Data shown:
=== Section Start ===
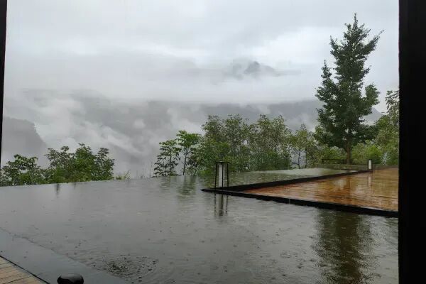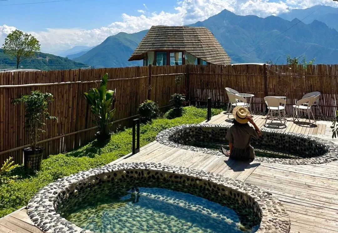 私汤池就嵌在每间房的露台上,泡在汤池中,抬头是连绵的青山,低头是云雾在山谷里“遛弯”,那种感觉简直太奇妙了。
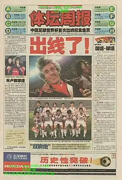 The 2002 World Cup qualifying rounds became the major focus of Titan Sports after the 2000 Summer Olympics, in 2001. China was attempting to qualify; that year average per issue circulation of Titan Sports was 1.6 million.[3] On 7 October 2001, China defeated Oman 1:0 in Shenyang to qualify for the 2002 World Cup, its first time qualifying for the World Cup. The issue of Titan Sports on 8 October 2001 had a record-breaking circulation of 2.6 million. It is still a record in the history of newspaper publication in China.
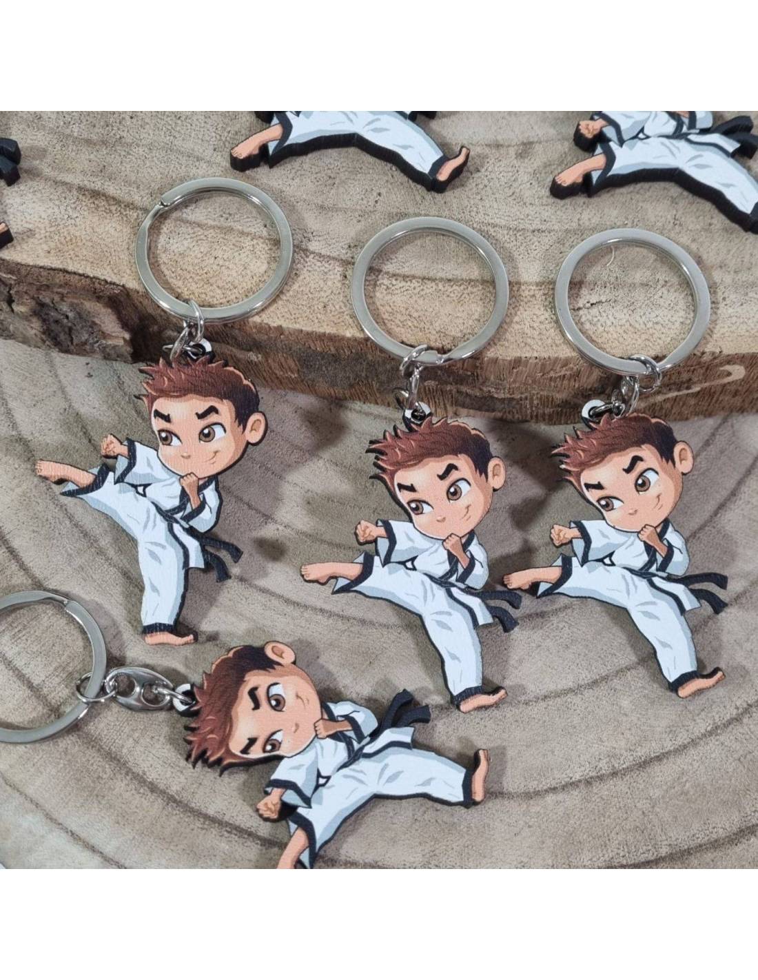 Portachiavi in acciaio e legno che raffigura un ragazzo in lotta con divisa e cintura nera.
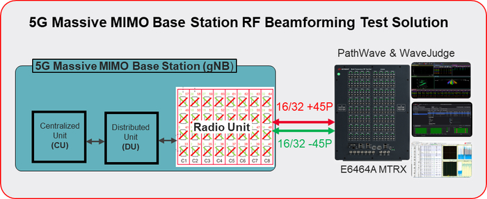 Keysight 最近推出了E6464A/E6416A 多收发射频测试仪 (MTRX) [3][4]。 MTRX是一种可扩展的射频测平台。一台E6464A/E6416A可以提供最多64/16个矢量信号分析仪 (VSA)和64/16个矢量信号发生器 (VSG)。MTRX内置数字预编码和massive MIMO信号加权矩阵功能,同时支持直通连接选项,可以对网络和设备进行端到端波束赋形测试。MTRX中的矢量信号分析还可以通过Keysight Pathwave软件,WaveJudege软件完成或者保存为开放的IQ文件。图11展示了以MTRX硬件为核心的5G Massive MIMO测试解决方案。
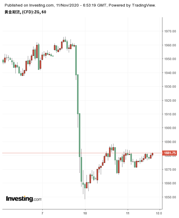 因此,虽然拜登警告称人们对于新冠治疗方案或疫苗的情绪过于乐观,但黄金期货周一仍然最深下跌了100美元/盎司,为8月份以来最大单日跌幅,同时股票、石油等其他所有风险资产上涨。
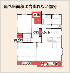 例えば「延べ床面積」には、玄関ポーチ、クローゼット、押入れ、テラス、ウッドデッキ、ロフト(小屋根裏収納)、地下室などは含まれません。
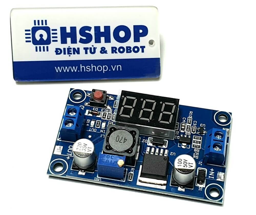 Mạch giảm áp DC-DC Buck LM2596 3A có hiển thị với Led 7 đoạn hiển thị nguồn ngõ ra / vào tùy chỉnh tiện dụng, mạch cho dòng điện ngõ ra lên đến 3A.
=== Section End ===
Prompt:
Each record has to be set down verbatim, and the pictures must not appear in the copy.

Output of the exercise:
 私汤池就嵌在每间房的露台上,泡在汤池中,抬头是连绵的青山,低头是云雾在山谷里“遛弯”,那种感觉简直太奇妙了。
 The 2002 World Cup qualifying rounds became the major focus of Titan Sports after the 2000 Summer Olympics, in 2001. China was attempting to qualify; that year average per issue circulation of Titan Sports was 1.6 million.[3] On 7 October 2001, China defeated Oman 1:0 in Shenyang to qualify for the 2002 World Cup, its first time qualifying for the World Cup. The issue of Titan Sports on 8 October 2001 had a record-breaking circulation of 2.6 million. It is still a record in the history of newspaper publication in China.
 Portachiavi in acciaio e legno che raffigura un ragazzo in lotta con divisa e cintura nera.
 Keysight 最近推出了E6464A/E6416A 多收发射频测试仪 (MTRX) [3][4]。 MTRX是一种可扩展的射频测平台。一台E6464A/E6416A可以提供最多64/16个矢量信号分析仪 (VSA)和64/16个矢量信号发生器 (VSG)。MTRX内置数字预编码和massive MIMO信号加权矩阵功能,同时支持直通连接选项,可以对网络和设备进行端到端波束赋形测试。MTRX中的矢量信号分析还可以通过Keysight Pathwave软件,WaveJudege软件完成或者保存为开放的IQ文件。图11展示了以MTRX硬件为核心的5G Massive MIMO测试解决方案。
 因此,虽然拜登警告称人们对于新冠治疗方案或疫苗的情绪过于乐观,但黄金期货周一仍然最深下跌了100美元/盎司,为8月份以来最大单日跌幅,同时股票、石油等其他所有风险资产上涨。
 例えば「延べ床面積」には、玄関ポーチ、クローゼット、押入れ、テラス、ウッドデッキ、ロフト(小屋根裏収納)、地下室などは含まれません。
 Mạch giảm áp DC-DC Buck LM2596 3A có hiển thị với Led 7 đoạn hiển thị nguồn ngõ ra / vào tùy chỉnh tiện dụng, mạch cho dòng điện ngõ ra lên đến 3A.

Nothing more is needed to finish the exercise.